Assuming that you are running the Kazza on a Internal windows machine the
POSTROUTING should handle all of the out going of the Kazza Client...
hmmm . . . I revised my rule set recently using the iptables tutorial by Oskar Andreasson as a guide, and he recommends again doing any filtering in the nat tables.
http://iptables-tutorial.frozentux.net/chunkyhtml/traversingoftables.html#TRAVERSINGGENERAL
what is probably not making it through is the returning connection attempts of the Kazza servers? In which case... you shouldn't be using FORWARD lines at all sinnce these are supposedly destined for the local machine(as in the Linux box itself and not anything in your lan).
If you look further down in the link I posted, there is a diagram that shows INPUT going to the localhost and the FORWARD being used for packets destined for other hosts.

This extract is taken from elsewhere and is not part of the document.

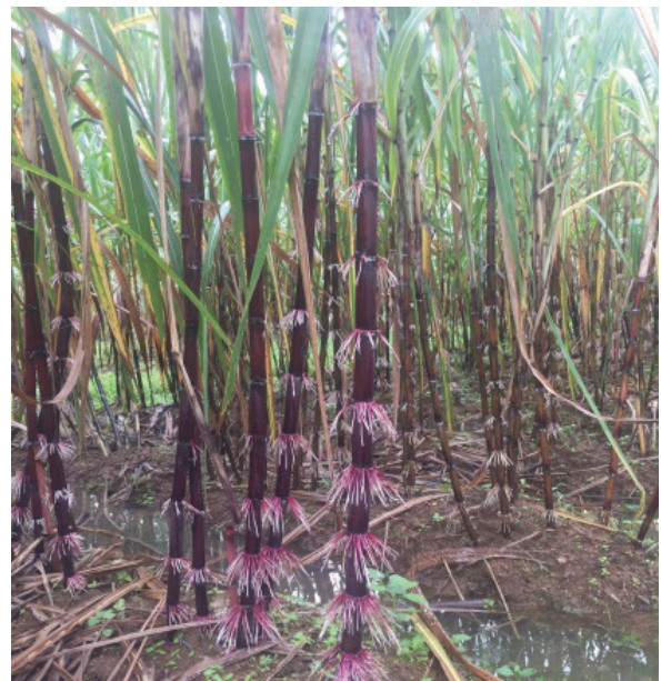
Fig. 2. Aerial roots of waterlogging tolerant sugarcane clones

In clones sensitive to waterlogging the geotropic are not present. Quick growth of a variety and bobbin shaped internodes are found related to waterlogging tolerance (Srivastava et al. 2003). Hidaka and Abdul Karim 2007 reported three types of roots under waterlogged condition, aerial roots (Fig. 2), whitish roots and secondary roots. The whitish roots referred as buttress roots by earlier workers (Jensen 1937 Evans 1934). The anatomy of the buttress roots showed extensive aerenchyma compared to normal roots. In young normal roots the aerenchyma formation was not observed even under waterlogged condition (Fig. 3). During rainy season the aerial roots shows water droplets hanging on the tip on the swollen calyptra (Fig

Hmmm again . . . :-)
Absolutely! That's what makes this an issue for me. I can't nail down the ports Kazaa needs and the more I open up the less protection I have. I need to find a better strategy and I'm open to suggestions.What I think is needed here is the PREROUTING of a range or specific ports. I think this will solve your problem for Kazza but it offers very little as in the way of security for those ports.

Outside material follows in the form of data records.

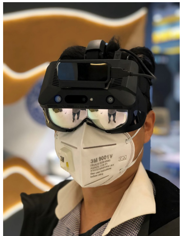
Fig. 5. BRM all-in-one machine.

Simultaneously, as the nCapp intelligent assisted COVID-19 diagnosis system collects a large amount of clinical diagnostic data from patients with COVID-19, through data feature engineering and statistical methods, the data can be further clustered and analyzed to achieve a more intelligent distinction between suspected and suspicious cases in patients with a negative nucleic acid test result.
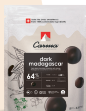
CARMA® Dark Madagascar 64% 1.5 kg • CHD-N089MAD-E6-Z71
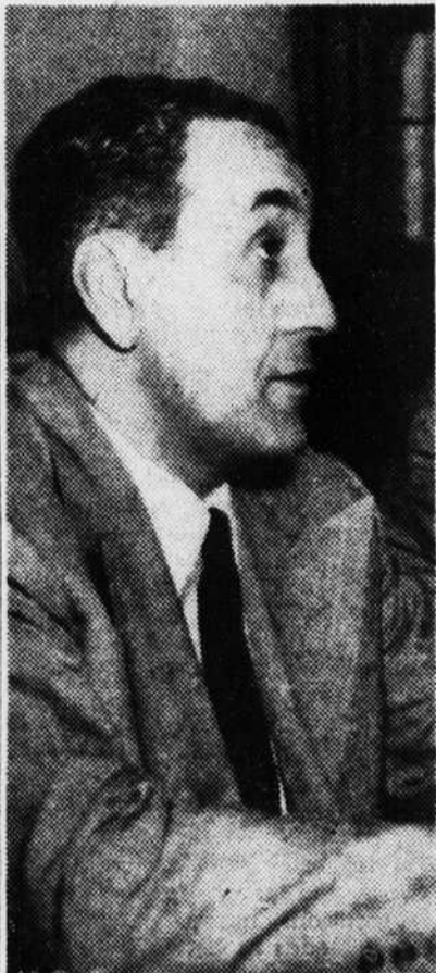
SILENT WITNESS—Anthony J. (Tony) Accardo, reputed Chicago gambling boss, at witness table during Senate investigation.

Accardo, back when he was a strong-arm man in Chicago's underworld and reputedly a body-

An example of this is when I used to run my Half-Life Deadicated Server on my internal Windows Machine I used a PREROUTING line such as...

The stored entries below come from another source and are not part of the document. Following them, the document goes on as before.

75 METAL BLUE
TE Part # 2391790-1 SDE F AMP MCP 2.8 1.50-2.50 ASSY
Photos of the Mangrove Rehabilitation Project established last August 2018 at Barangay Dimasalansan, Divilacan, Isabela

iptables -t nat -A PREROUTING -p udp --dport 27015 -i eth0 -j DNAT --to-destination 192.168.1.25:27015
While my scenerio was alot simpler than yours it's similar I think. Your problem will be of course finding the range of ports. I would also say take note of the use of limiting it to one protocol(if you can). Better to have a straw open to the world than a big ol sewer pipe!